Well, a bit of the response-locus analysis would be useful for teaching the production of new phonemes, but not that much theoretical detail.
The major practical difficulty would be tracking the schedule of the integrated review, simply because of the sheer number of distinct entires (vocabulary words and grammatical patterns), but it would be relatively easy to design a Computer Assisted Design program to help with that.
Oh, and the subtype analysis, which is the most complicated theoretical part, needed for ordering the introduction of the transformation concepts, is only needed for teaching all the basic grammatical structures of the language.
Once you’re done with that, all that’s left is just vocabulary and idioms, which pretty much just follow the same logical template over and over again.
(The only difference is that you’d start to be able to provide more and more of the definitions and directions of the instruction entirely within the target language.)]
It’s a particular property, which you can apply to other cases by substituting some other particularity—for example, replace 2 by any other number throughout and see whether the proof still goes through. Doing this sort of thing will tell you how the proof works and why it works.
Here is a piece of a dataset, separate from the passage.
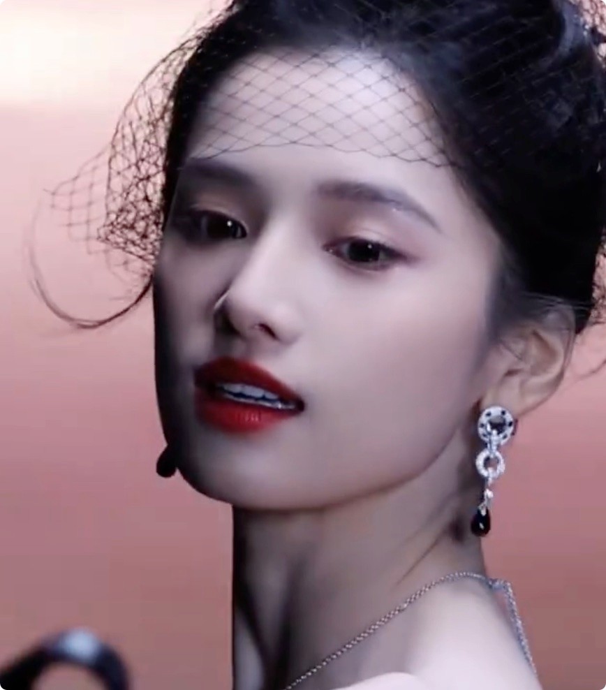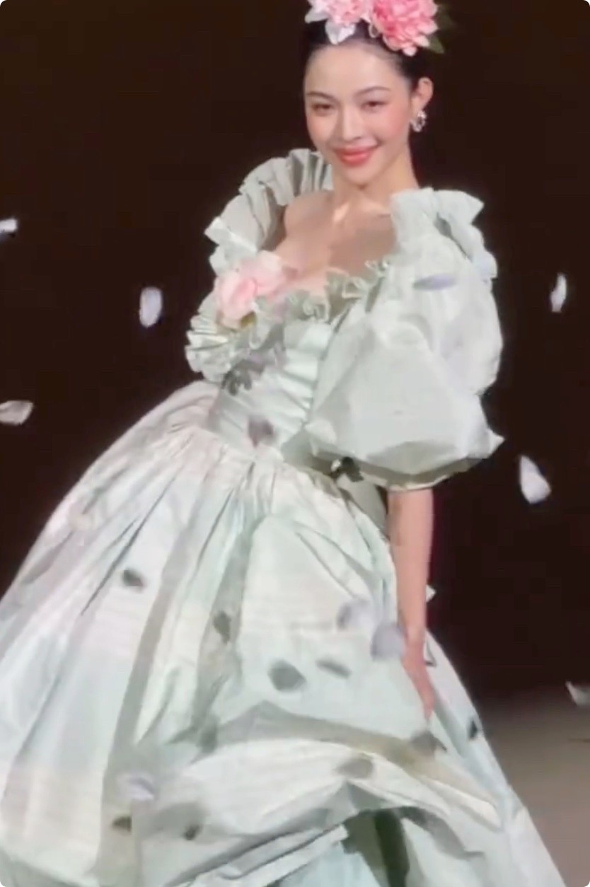 只是脸太瘦了点,显得苹果肌有些塌,但这丝“憔悴感”反而让她更像高定模特。
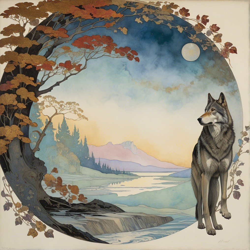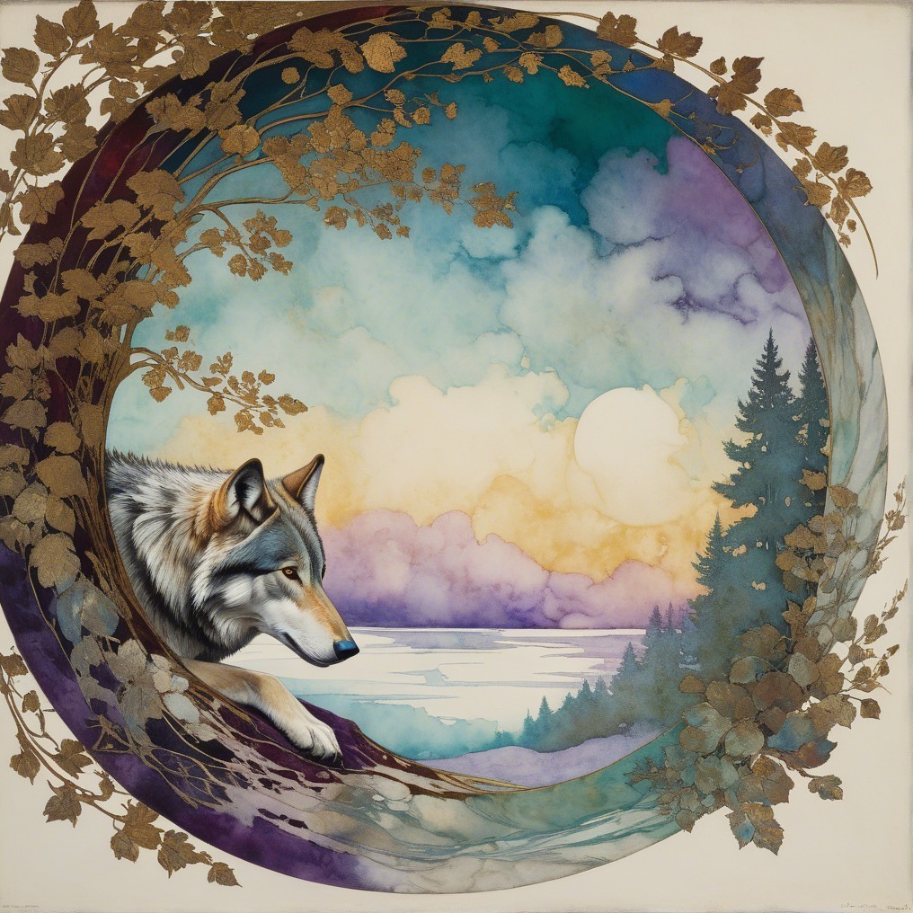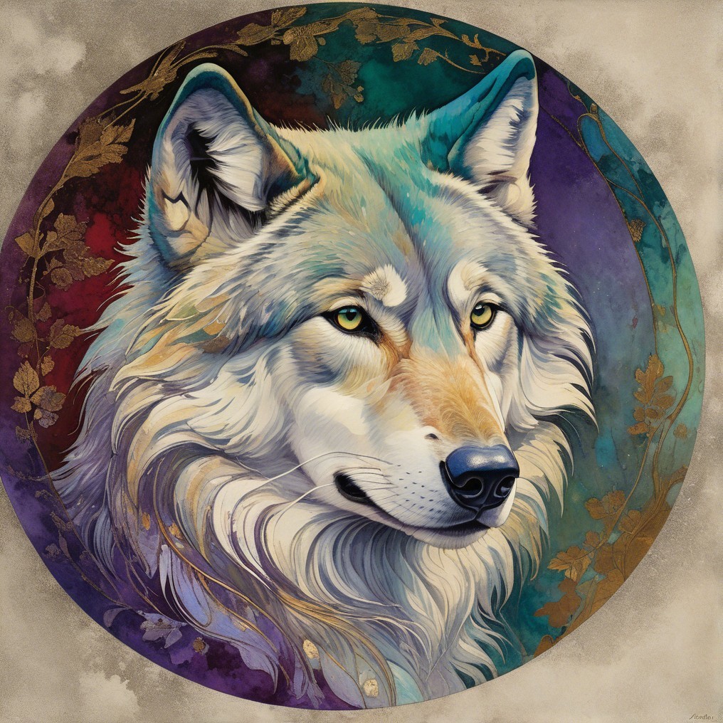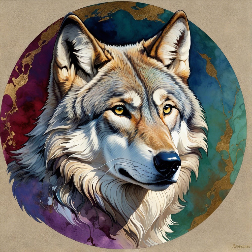 The image features a beautifully detailed, majestic wolf with striking golden eyes. Its fur is a mix of browns and whites, set against a vibrant, swirling background of blues and purples.

I’m interested in knowing how this goes. I’ve never got very far when learning other languages, although I have to say I’m not impressed by the Michel Thomas web site or the Amazon reviews. I suspect that his method would drive me up the wall.
Feedback because you asked.
This article took so long to say much of anything about Direct Instruction I wondered if it might be a sales pitch. My eyes glazed over halfway through. I can see from your participation in the comments thread that you are sincere, and having trouble articulating what DI is in an accessible way.
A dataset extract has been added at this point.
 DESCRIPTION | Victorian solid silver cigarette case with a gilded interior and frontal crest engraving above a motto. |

So I hopped on Wikipedia and looked up “Direct Instruction.” The first paragraph told me everything I need to know:
“Direct instruction is a general term for the explicit teaching of a skill-set using lectures or demonstrations of the material, rather than exploratory models such as inquiry-based learning.
“This method is often contrasted with tutorials, participatory laboratory classes, discussion, recitation, seminars, workshops, observation, case study, active learning, practica or internships. Usually it involves some explication of the skill or subject matter to be taught and may or may not include an opportunity for student participation or individual practice. Some direct instruction is usually part of other methodologies, such as athletic coaching.”
Okay, that does sound pretty cool. As someone with teaching experience, I’ve made use of it without knowing it was a thing, many times. And apparently, studies suggest it’s exceptionally great at getting the point across—awesome! My perception that the most notable incidences of using that method were especially effective with my students may not be off the mark!
I suggest you try to find a way to state, in your own words, what the bit I quoted is saying—or, failing that, just explicitly quote Wikipedia within the first or second paragraph, and keep your whole essay to about 500 words or so pending the community’s reaction and desire to learn more.
Maybe I’m being stupid here, but I find it hard to see the difference between Wiki’s “explicit teaching of a skill-set using lectures or demonstrations of the material” and, say, “traditional blackboard-and-chalk instruction”. Possibly I’m missing a joke? If not, what is the difference between “teaching [using] lectures” and, um, lectures?
That’s...not what’s being contrasted here...
Glad to hear it. In that case, it seems that the Wiki description is rather a bad one, since it could give such a misleading impression, and some different summary is needed.
Thanks for your feedback… and patience. The wikipedia articles (there are two that differ only in the capitalization of one letter!) are confused.
The one with the lowercase “instruction” fluidly mixes up “little-di” and “big-DI”.
“Little-di” is merely instruction that is somehow more direct than some other supposed norm. “Big-DI” is not “little-di” in rather the same way that linear algebra is not algebra that has been put in a line.
Do the notes added at the beginning as a replacement for the whole long thing help to start clearing stuff up any?
And does this help?
I think this is a good subject to write about and that you can work this into a nice article if you continue to boil it down. Others have given some good (and maybe a bit harsh?) feedback. All I want to add is that for a post this long, it would be much more useful to have reference numbers (or better yet, links) within your article. I found myself initially having questions and wanting to look at references and then lost that motivation once I finally got to them. Also, I think your conclusion has too much new content.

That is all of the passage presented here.